Первый арест. Возвращение в Бухарест - [136]

Шрифт
Интервал

— Румынскую правду? — спросил Бузня. — Правда может быть румынской? А китайской она тоже бывает? И мексиканской?

Мадан свирепо посмотрел на Бузню.

— Дорогой Дан, — сказал он сухо. — Ты знаешь, как я к тебе отношусь, как я люблю тебя, как уважаю твой талант. Но ты тоже будешь расстрелян…

— Он тоже? — удивился Захария. — Он ведь не коммунист.

— Верно… Но он и не гардист. Он мог бы быть с нами… Однако он против нас…

За столом воцарилось неловкое молчание. Вокруг по-прежнему шумело переполненное кафе, за нашим столиком все молчали. Разговор, начавшийся в шутливом тоне, стал серьезным. Все это чувствовали. И так они сидели за одним столиком кафе — четыре совершенно разных человека, четырех разных направлений в жизни: карьерист с безобразно длинными ушами, думающий только о своем личном благополучии; честный Бузня, не желающий вмешиваться в политические дрязги и сутолоку дня; поэт Мадан, рифмующий с одинаковой легкостью слова, воспевающие природу и восхваляющие убийство, и, наконец, Захария, единственный из всей этой компании, кто не только горячо верил в новую и лучшую жизнь для всех, но знал, почему он в нее верит, и боролся за нее. Я смотрел на этих людей и понимал, что Захария здесь одинок. Он самый одинокий во всем этом гудящем и заполненном столь разными людьми кафе. И он прав.
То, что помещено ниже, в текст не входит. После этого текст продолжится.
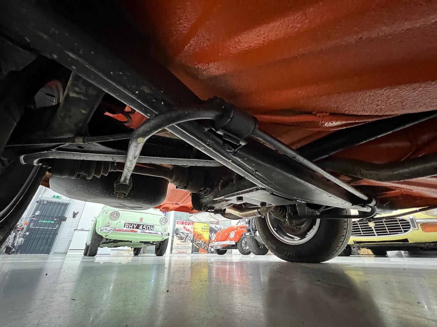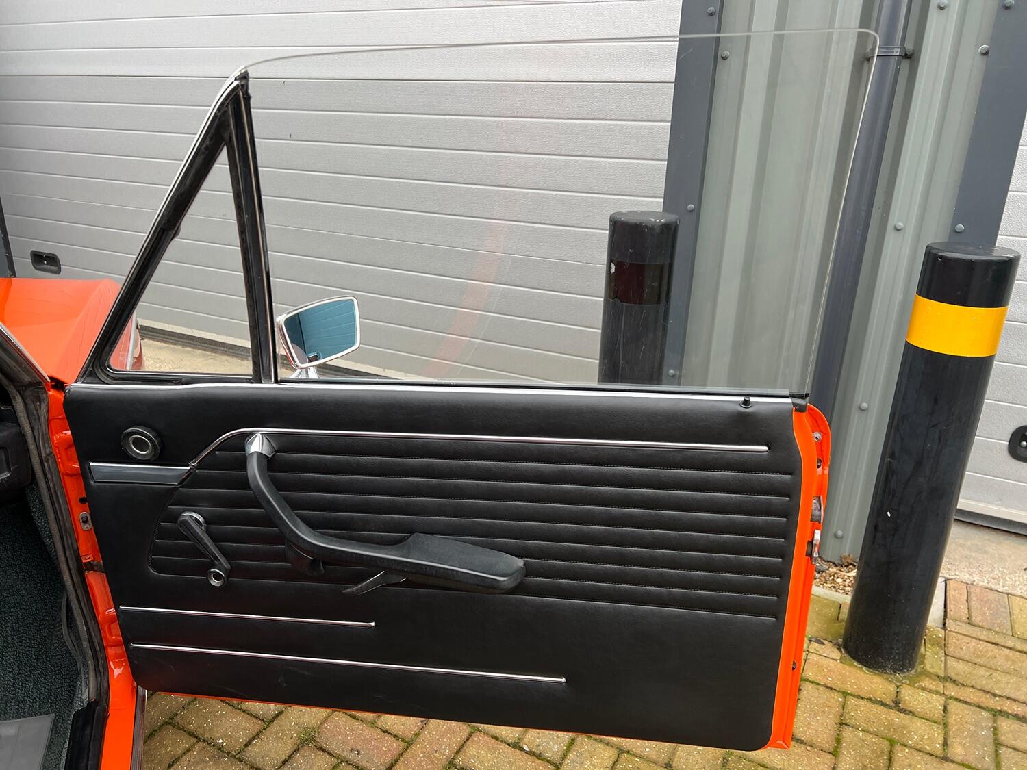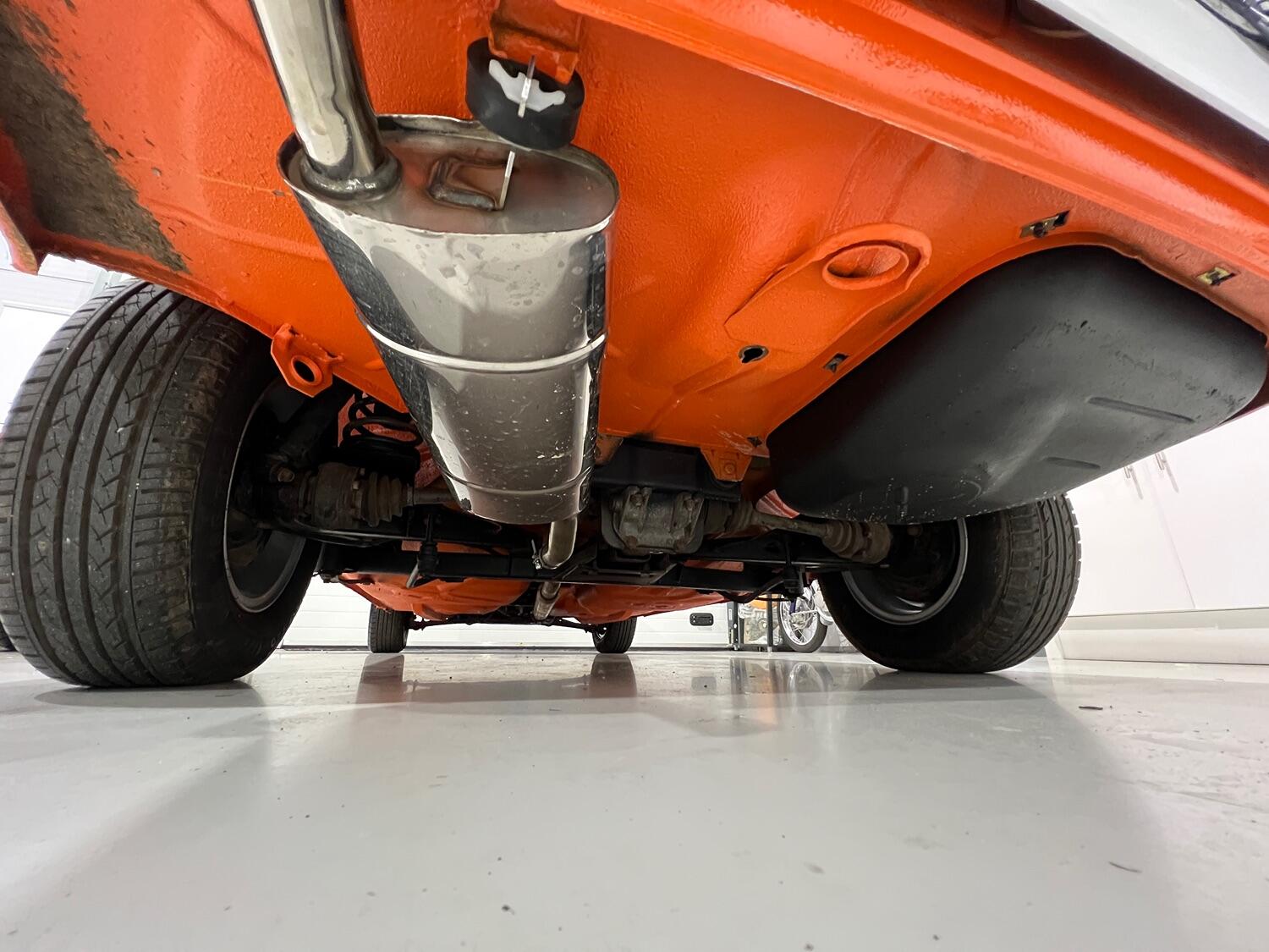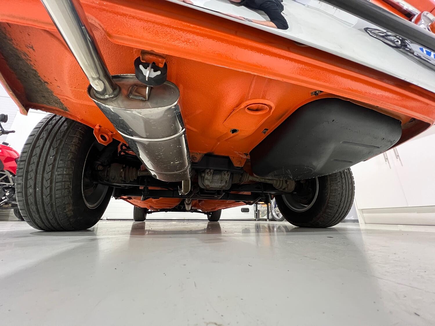Restoration started with the complete overhaul of the front and rear subframes including bushes with the replacement ii front struts. With the subframes off, the under-side was stripped, the wings removed and a new front panel fitted. Two new doors were fitted and with the engine/gear box removed, the engine bay, front and rear wheel arches were undersealed and then over painted Inka Orange as was the original finish (no black wheel arches).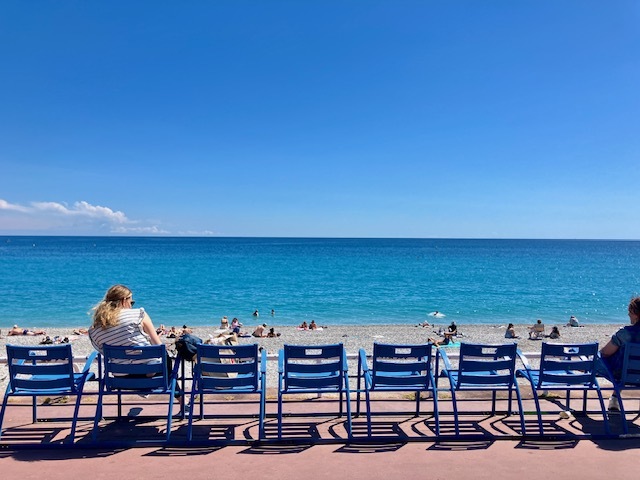 ニースといえば、このアジュール色のベンチ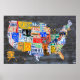 Póster Mapa de Placas de Licença dos EUA em Planks de Mad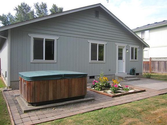 Price reduced again! Pride in ownership is obvious in this immaculate, well kept home built in 2001. This property boasts an open floor plan, vaulted ceiling, 2-car garage with 10' ceilings and a fully fenced private backyard with patio and hot tub. Ceiling fans, new hot water tank and dishwasher round out this conveniently located home in orchard estates, a well-planned, peaceful development tucked around a nature area. Sunset square, barkley village, bellis fair and i-5 are only minutes away.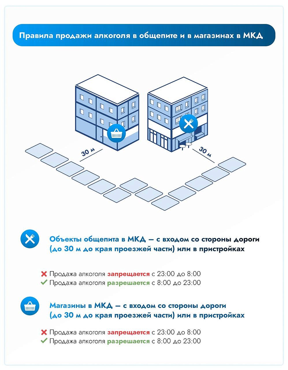 С 1 сентября 2025 года в Подмосковье запрещено продавать алкоголь во дворах жилых домов. Получить лицензию на розничную продажу алкоголя могут только те магазины, у которых вход находится со стороны улицы и расположен не дальше 30 метров к краю дороги.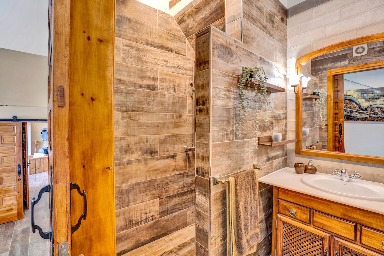 Schon beim Betreten des Anwesens wird man von einem Gefühl der Ruhe umhüllt, das es zu einer wahren Oase des Friedens macht. Die Finca verfügt über sieben Schlafzimmer, darunter ein separates 2-Schlafzimmer-Apartment mit eigenem Bad und Küche. Zusätzlich gibt es ein Büro und ein Ankleidezimmer, so dass ausreichend Platz für Arbeit und persönliche Bedürfnisse vorhanden ist. Die Immobilie verfügt über insgesamt fünf Badezimmer und zwei Gäste-WCs, die sowohl den Bewohnern als auch den Gästen Komfort bieten.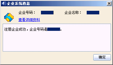 您申请成功后,将收到系统消息,提示您所申请企业的企业号码,如图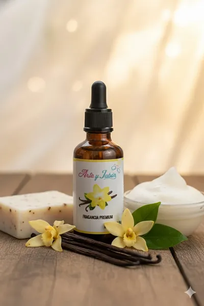 Nuestra fragancia premium de Vainilla tiene un aroma dulce, cálido y envolvente que transmite sensación de hogar, suavidad y bienestar. Ideal para dar un toque delicado y elegante a tus productos artesanales.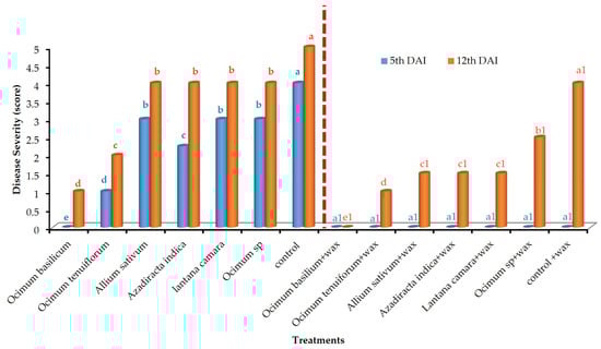 Among the wax-coated treatments, anthracnose disease incidence was comparably very low. Disease incidence was 0% on the fifth day of inoculation in all treatments, whereas on the tenth day of inoculation, disease incidence varied from 0–15% (Figure 1). The control set exhibited a papaya anthracnose disease severity score of 5 (80–100%) at 12th days of inoculation, whereas the O. basilicum showed a lower value disease severity score of 0 (0%) (Figure 2). Other treatments of wax-coated fruits exhibited a level of disease severity score from 1–4, but the level of severity was less than fruits without wax applied.

— Мадан, — сказал Бузня грустным голосом, — я хочу задать тебе еще один вопрос…

— Что еще? — спросил Мадан. — В политике важна вера, а не вопросы, ответы и вся прочая дискуссионная шелуха вырождающейся демократии…

— Я не разбираюсь в политике, — продолжал Бузня, — ты меня прости, я в этом совсем не разбираюсь… Но я не могу забыть твою девочку, которую зовут Флоричел… Ты подумал о том, что лет через десять она начнет понимать твои стихи? Она прочтет колыбельную, а потом балладу про убийц — что она скажет?

— Через десять лет Никадоры будут у власти, а мою балладу будут печатать во всех школьных учебниках.

— Ты в этом уверен?

— Абсолютно. Можешь записать мои слова…

— Я это запишу, — сказал ушастый. — Я веду дневник. Я записываю только самые важные политические события, но это я запишу как анекдот. Второго августа тысяча девятьсот тридцать четвертого года, в два часа дня, я сидел в кафе «Корсо» в компании сумасшедших. Было очень весело. Один сумасшедший говорил, что ему все равно, кто придет к власти после Татареску. Другой уверял, что в Румынии все будет как в Германии. Третий мечтал о Москве. — Он залпом выпил остаток своего мазаграна. — Через десять лет я издам свой дневник. К тому времени у нас, конечно, будут у власти те же либералы, царанисты или комбинации из тех и других. К тому времени я стану, конечно, владельцем газеты. Но вот что с вами будет, господа фантазеры? — Он озабоченно поглядел на сидевших за столом. — В свою газету я не смогу вас взять. Мне нравятся сумасшедшие в кафе, но не на работе. Не обижайтесь, ребята, — вы славные сумасшедшие… Кельнер! Цал! — Он бросил на столик несколько монет и вскочил. Его длинные уши устремились вперед. — Норок! Мне еще нужно забежать в «Кафе де ла Пэ», — может быть, есть новости насчет Иорги. Послушайте меня, ребята, бросьте вы все эти фантазии. Вы где живете? Ориентируйтесь на Иоргу. Это уж во всяком случае верное дело. Привет!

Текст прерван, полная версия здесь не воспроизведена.